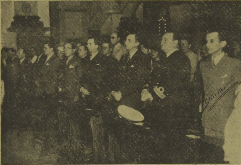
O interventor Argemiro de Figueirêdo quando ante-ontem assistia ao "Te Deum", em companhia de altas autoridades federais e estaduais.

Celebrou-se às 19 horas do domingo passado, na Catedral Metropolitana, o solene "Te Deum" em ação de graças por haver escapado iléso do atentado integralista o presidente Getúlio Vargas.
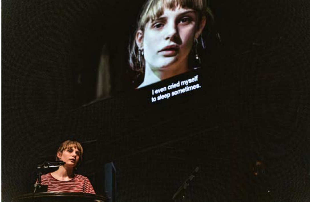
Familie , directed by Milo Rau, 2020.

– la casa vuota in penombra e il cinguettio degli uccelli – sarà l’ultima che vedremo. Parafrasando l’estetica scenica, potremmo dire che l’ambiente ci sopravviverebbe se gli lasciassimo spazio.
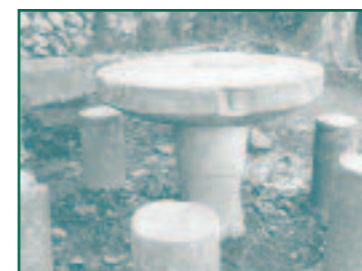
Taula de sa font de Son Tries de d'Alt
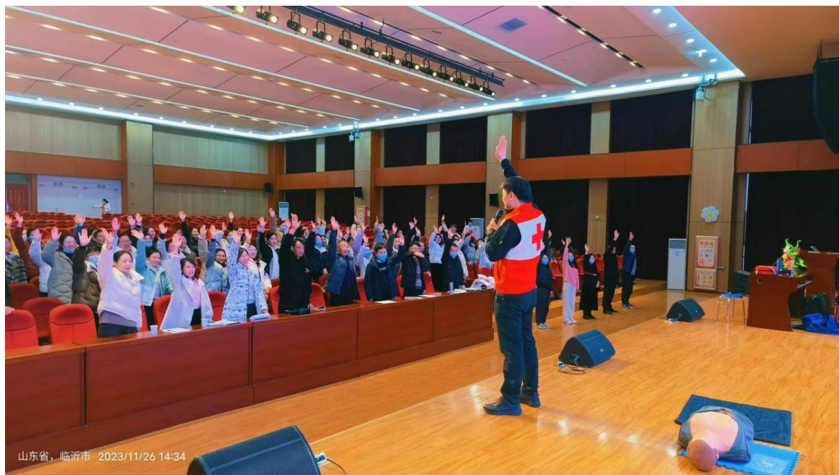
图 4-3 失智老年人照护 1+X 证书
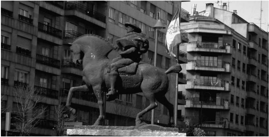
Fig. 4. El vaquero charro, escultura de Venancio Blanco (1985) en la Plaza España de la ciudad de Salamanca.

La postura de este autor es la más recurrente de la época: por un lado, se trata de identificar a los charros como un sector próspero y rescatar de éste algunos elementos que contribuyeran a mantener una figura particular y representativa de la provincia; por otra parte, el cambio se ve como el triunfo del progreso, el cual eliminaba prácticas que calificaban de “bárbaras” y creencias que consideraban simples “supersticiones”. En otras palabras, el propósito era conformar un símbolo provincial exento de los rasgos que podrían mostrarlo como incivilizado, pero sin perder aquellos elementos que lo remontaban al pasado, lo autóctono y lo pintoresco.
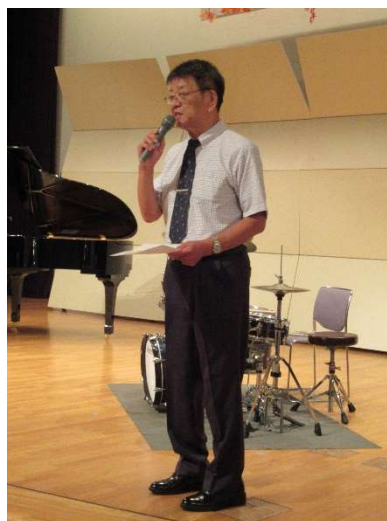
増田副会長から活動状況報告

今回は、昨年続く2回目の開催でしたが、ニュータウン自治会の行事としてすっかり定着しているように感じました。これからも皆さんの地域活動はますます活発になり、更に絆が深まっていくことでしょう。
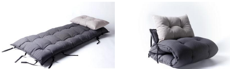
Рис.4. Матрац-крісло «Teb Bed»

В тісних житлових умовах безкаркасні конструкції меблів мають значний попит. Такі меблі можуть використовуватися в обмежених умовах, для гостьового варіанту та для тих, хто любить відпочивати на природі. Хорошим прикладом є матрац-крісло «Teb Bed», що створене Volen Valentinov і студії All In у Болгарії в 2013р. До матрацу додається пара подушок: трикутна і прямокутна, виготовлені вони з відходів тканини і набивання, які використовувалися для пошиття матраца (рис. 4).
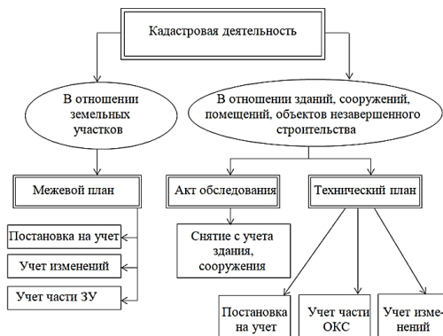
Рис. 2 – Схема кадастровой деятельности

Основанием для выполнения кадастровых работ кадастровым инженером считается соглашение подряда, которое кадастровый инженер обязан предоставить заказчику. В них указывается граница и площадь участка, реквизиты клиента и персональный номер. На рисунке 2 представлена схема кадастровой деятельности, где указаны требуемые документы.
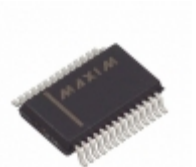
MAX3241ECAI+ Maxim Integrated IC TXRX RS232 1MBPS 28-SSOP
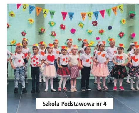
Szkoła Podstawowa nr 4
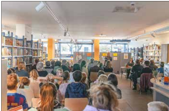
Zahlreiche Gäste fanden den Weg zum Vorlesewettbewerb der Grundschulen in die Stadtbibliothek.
++++++++
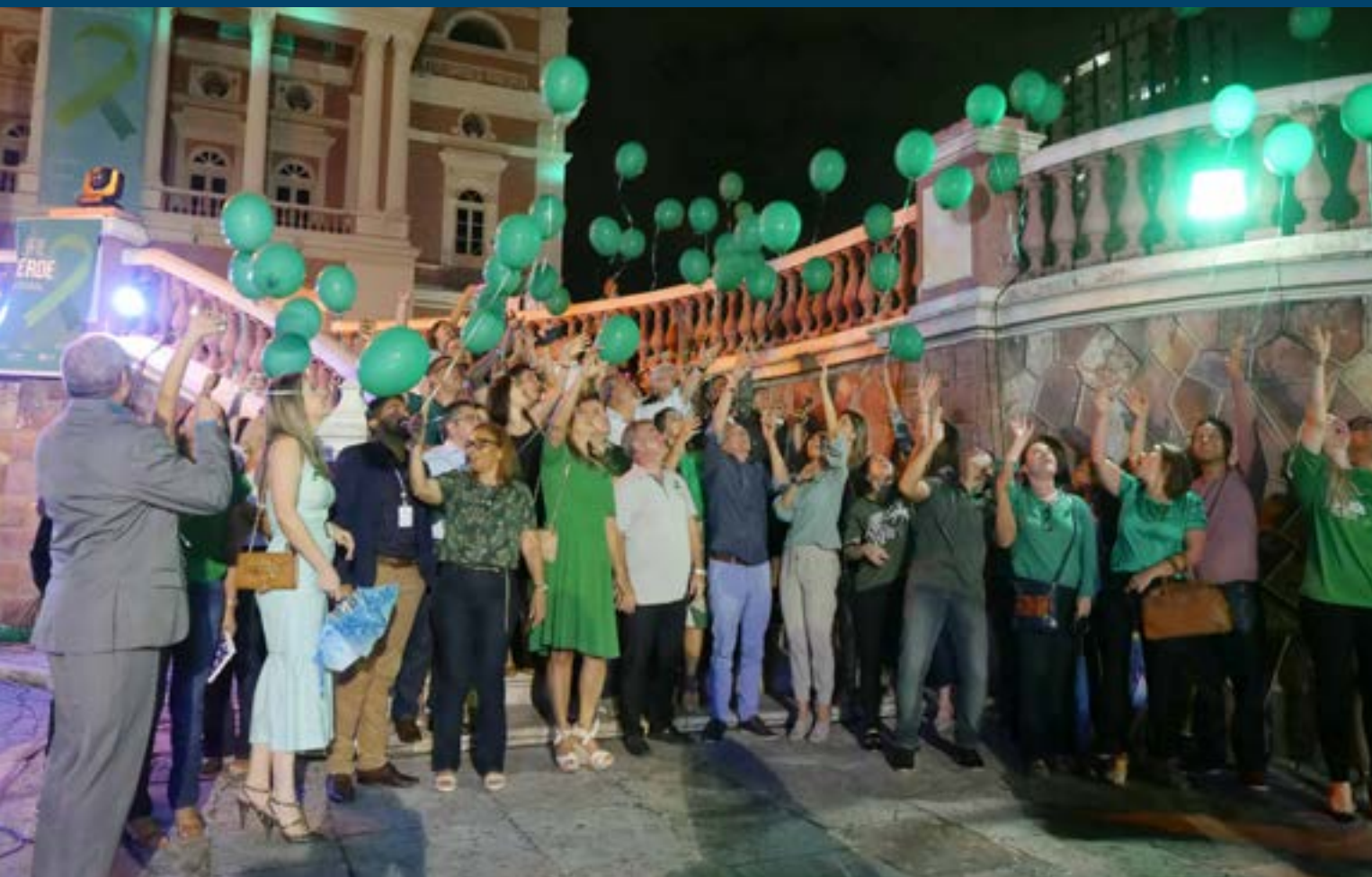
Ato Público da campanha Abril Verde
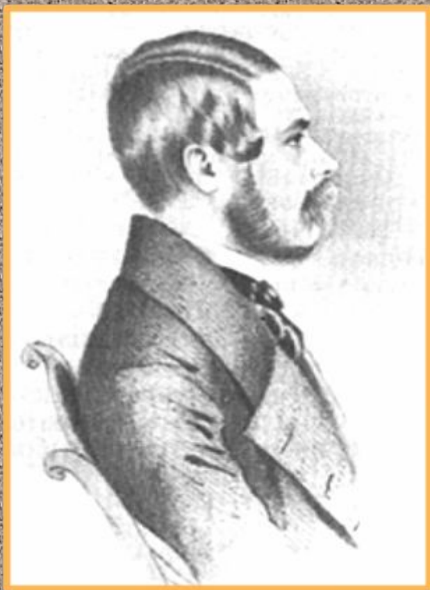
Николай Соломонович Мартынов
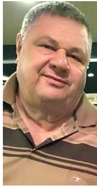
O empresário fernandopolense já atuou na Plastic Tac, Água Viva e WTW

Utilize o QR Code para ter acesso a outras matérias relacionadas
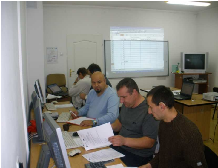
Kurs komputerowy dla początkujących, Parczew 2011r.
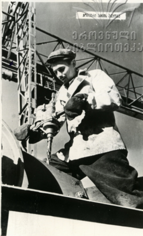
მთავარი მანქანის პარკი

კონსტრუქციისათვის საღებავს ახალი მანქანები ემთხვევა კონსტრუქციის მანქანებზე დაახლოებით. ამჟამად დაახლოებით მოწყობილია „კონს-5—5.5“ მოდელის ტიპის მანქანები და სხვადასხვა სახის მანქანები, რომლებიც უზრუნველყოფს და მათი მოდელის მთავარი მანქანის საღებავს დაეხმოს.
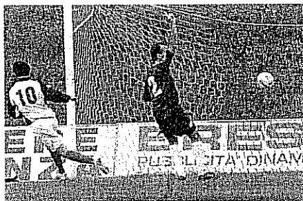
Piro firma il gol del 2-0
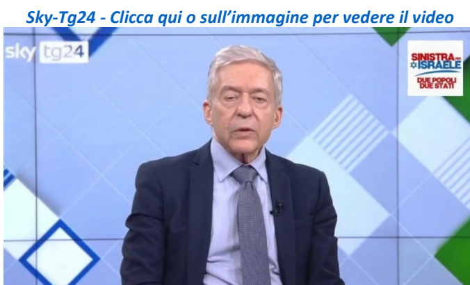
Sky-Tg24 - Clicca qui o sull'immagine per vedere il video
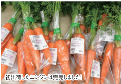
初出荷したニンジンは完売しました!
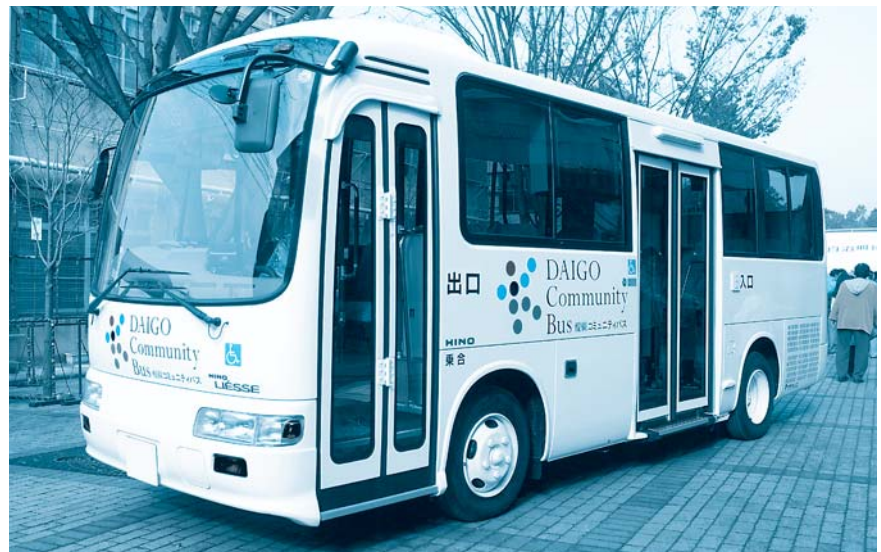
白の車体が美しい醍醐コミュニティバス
++++++++
From the material above, output only the span of lines that starts at the one containing "Piro firma il gol del 2-0" and finishes at the one containing "白の車体が美しい醍醐コミュニティバス", word for word and free of pictures.

▸ Written reply
Piro firma il gol del 2-0
Sky-Tg24 - Clicca qui o sull'immagine per vedere il video
初出荷したニンジンは完売しました!
白の車体が美しい醍醐コミュニティバス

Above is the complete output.